» WORK ORDER
Look below for the line with "3 ветки перистолистника, 5". Retype it and every line after it to the end, exactly, but leave out the pictures.

» Dataset entries

━━━━━━

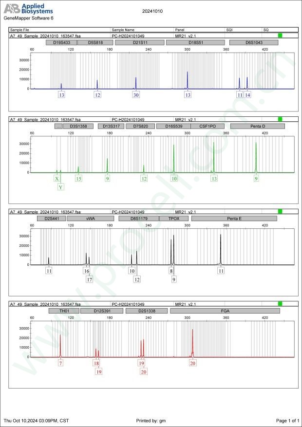 Amelogenin X, Y CSF1PO 13 D2S1338 19,20 D3S1358 15 D5S818 12 D7S820 12 D8S1179 10,12 D13S317 9 D16S539 10 D18S51 13 D19S433 13 D21S11 30 FGA 20 PentaD 9 PentaE 11 TH01 7 TPOX 8,9 vWA 16,17 D6S1043 11,14 D12S391 18,19 D2S441 11 -
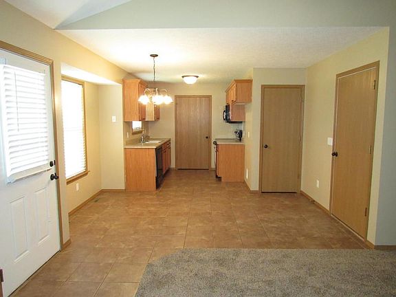 New carpet, paint, range and microwave. Brick front, vinyl sides, tile floors in the kitchen, baths, laundry and entry, raised ceilings, ceiling fans, insulated walls for sound, huge walk-in pantry in the kitchen, deck, storm doors, extra landscaping and 2 car garage. 100% USDA financing available.
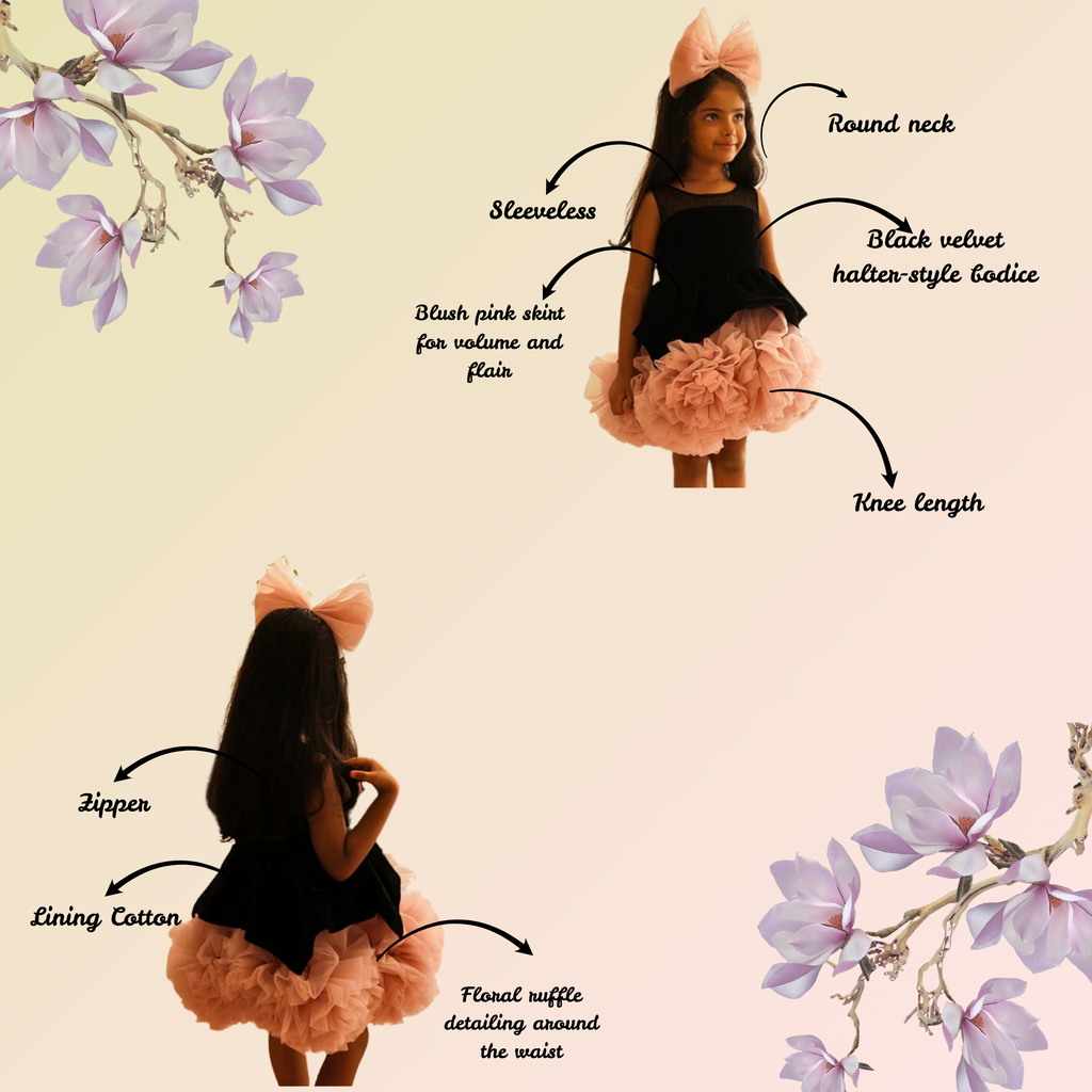 - Floral ruffle detailing around the waist
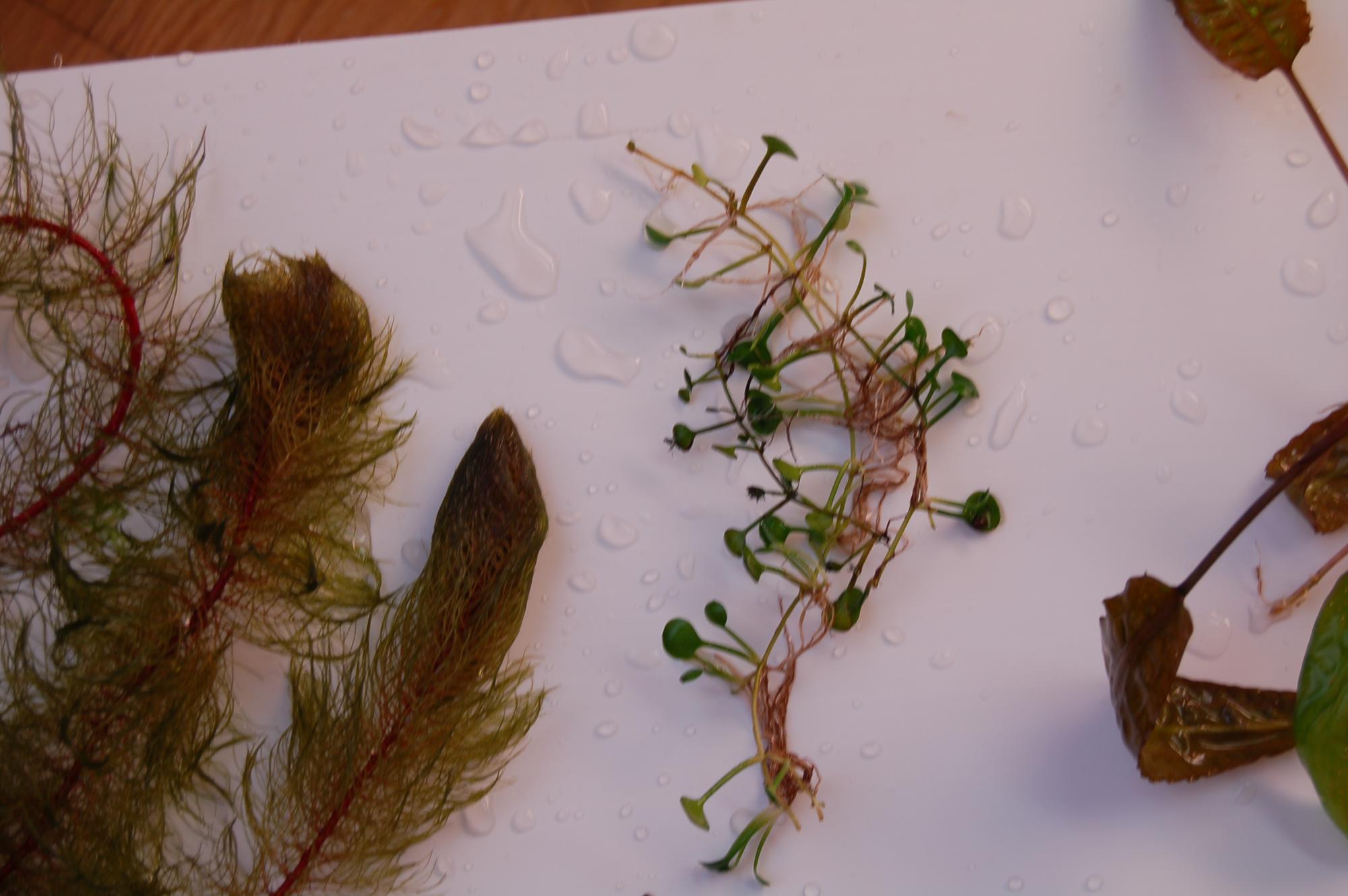 3 ветки перистолистника, 5 веток людвигии-рубин, 3 ветки бакопы каролинской, марсилии пучок, химеантус, а так же аппоногетон живородящий и еще кучу всего набросаю :-).
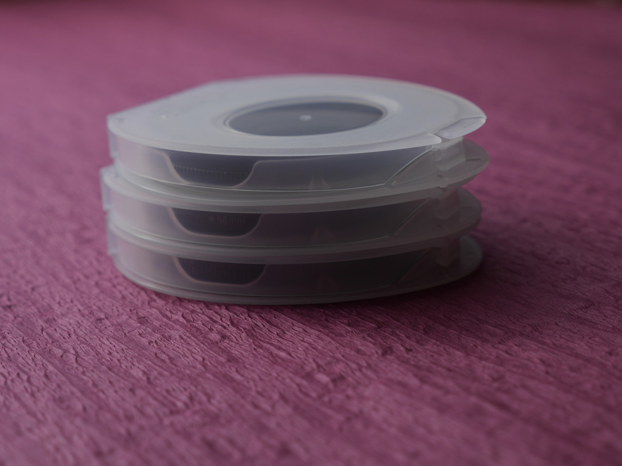 さっそく手持ちのフィルタを入れてみる。パナソニックのCPLはちょうどぴったり収まったが、中華GREEN.Lのはちょっと無理があるかんじ。下の写真で3段に重ねた一番上がそれ。ちなみにじっさいにノギスで測った人によると8.65mmらしい。
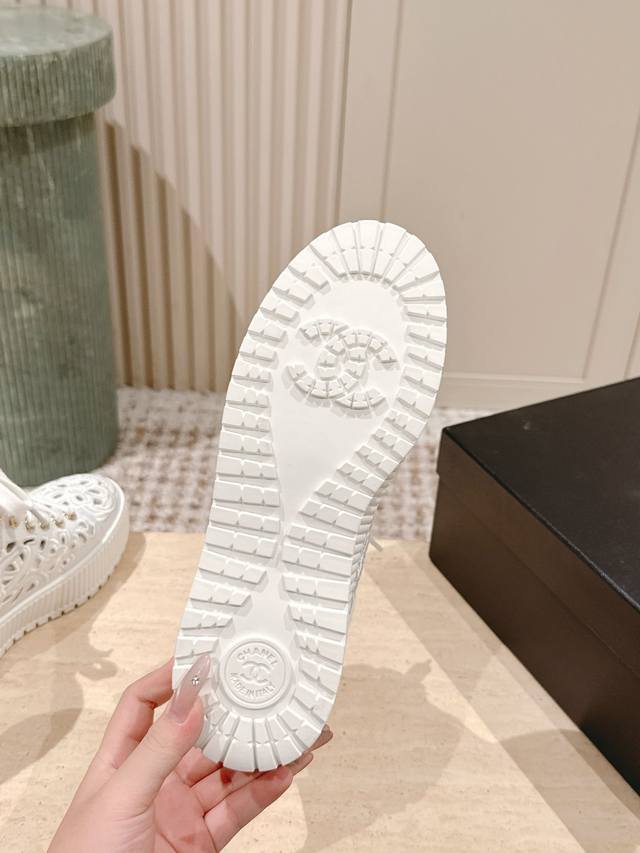 出厂 高版本 25Ss春夏新款Chanel 香奈儿 坡跟厚底凉鞋双C编织镂空防水台高跟凉鞋...

━━━━━━

» RESULT
 3 ветки перистолистника, 5 веток людвигии-рубин, 3 ветки бакопы каролинской, марсилии пучок, химеантус, а так же аппоногетон живородящий и еще кучу всего набросаю :-).
 さっそく手持ちのフィルタを入れてみる。パナソニックのCPLはちょうどぴったり収まったが、中華GREEN.Lのはちょっと無理があるかんじ。下の写真で3段に重ねた一番上がそれ。ちなみにじっさいにノギスで測った人によると8.65mmらしい。
 出厂 高版本 25Ss春夏新款Chanel 香奈儿 坡跟厚底凉鞋双C编织镂空防水台高跟凉鞋...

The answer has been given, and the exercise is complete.